BALAKRISHNA TRADING CORPORATION Vs. KRISHNA KURUP

Decided On February 26, 1969
BALAKRISHNA TRADING CORPORATION Appellant
V/S
KRISHNA KURUP Respondents

JUDGEMENT

(1.) BEFORE a Court permits a technical plea to triumph every reasonable endeavour should be made to avoid such a consequence. Two suits were instituted by a firm on the strength of two promissory notes executed by the defendant; both were dismissed since a plea based on the bar of s. 69 (2) of the Partnership Act found favour with the lower court.

(2.) I shall dispose of both the C. R. Ps. by a common judgment because the suits are between the same parties, and have both been dismissed on the same point viz. , the bar of S. 69 (2) of the Partnership Act. The plaintiff, in both the suits, is a firm registered under S. 59 of the Indian partnership Act. In fact the promissory-notes executed by the defendant show that the promisee is a registered firm. What is more, Exts. A4 and A5 also prove that the firm is registered. Therefore, the contention in the written statement that the firm is not registered has not found favour with the lower court. But, according to the learned Munsiff, there are two ingredients to be established under S. 69 (2), the first being the registration of the firm and the second being the showing of the plaintiff-partner in the register of firms as a partner of the firm. He argues, after extracting S. 69 (2): "that means two conditions have to be satisfied viz. (1) the firm is registered (2) the person suing is shown in the Register of firms as a partner in the firm. The best evidence to prove that the name of the plaintiff is shown in the Register of Firms as a partner of the Balakrishna trading Corporation is the entry in the Register of Firms or a certified copy thereof which the plaintiff has failed to produce. In the absence of such evidence, the plaintiff can hardly claim to have successfully proved that his name is entered in the Register of Firms as a partner of the firm. " For failure to prove the second part of S. 69 (2) of the partnership Act, the two suits have been dismissed.

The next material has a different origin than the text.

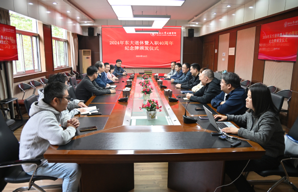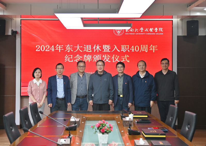 10月21日上午,一场简单而温馨的东大退休暨入职40周年纪念牌颁发仪式在我院真知馆207会议室举行。2024年东大退休暨入职40周年员工——我院学生处处长施杰、保卫处处长陈学建、图档信息中心主任沈冬生及所在部门代表参加仪式,欧美无码党委书记张志胜、常务副院长黄学良,分管院领导党委副书记、副院长、纪委书记王荣,分管院领导副院长戴玉蓉受邀出席。仪式由组织人事部部长汪旭东主持。
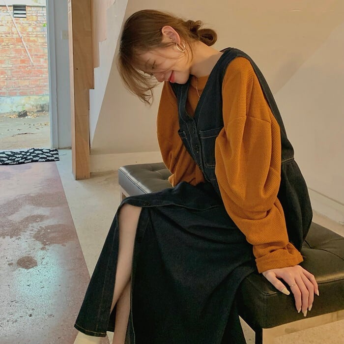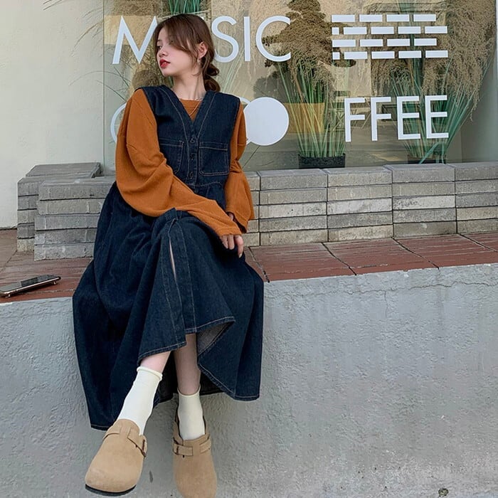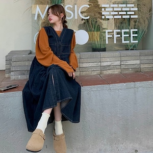 ワンピは前ボタンタイプなので、着脱もラクちん。

(3.) IT appears to me, although I am not called upon finally to pronounce upon it in the light of the finding already recorded by me, that S. 69 (2) does not bear the construction put upon it by the learned munsiff. Of course, the firm must be registered; but is it obligatory that the name of the suing partner should be shown in the register of firm although, ordinarily, every partner's name would be shown in the register? The legal requirement is that the person suing should be a partner or should be shown in the register of firms as a partner. I read S. 69 (I) and, in the same manner s. 69 (2) in the following way. "the person suing is a partner in the firm or has been shown in the Register of Firms as a partner of the firm". In this case, admittedly, the person suing is a partner in the firm and the second condition in S. 69 (2) is therefore fulfilled.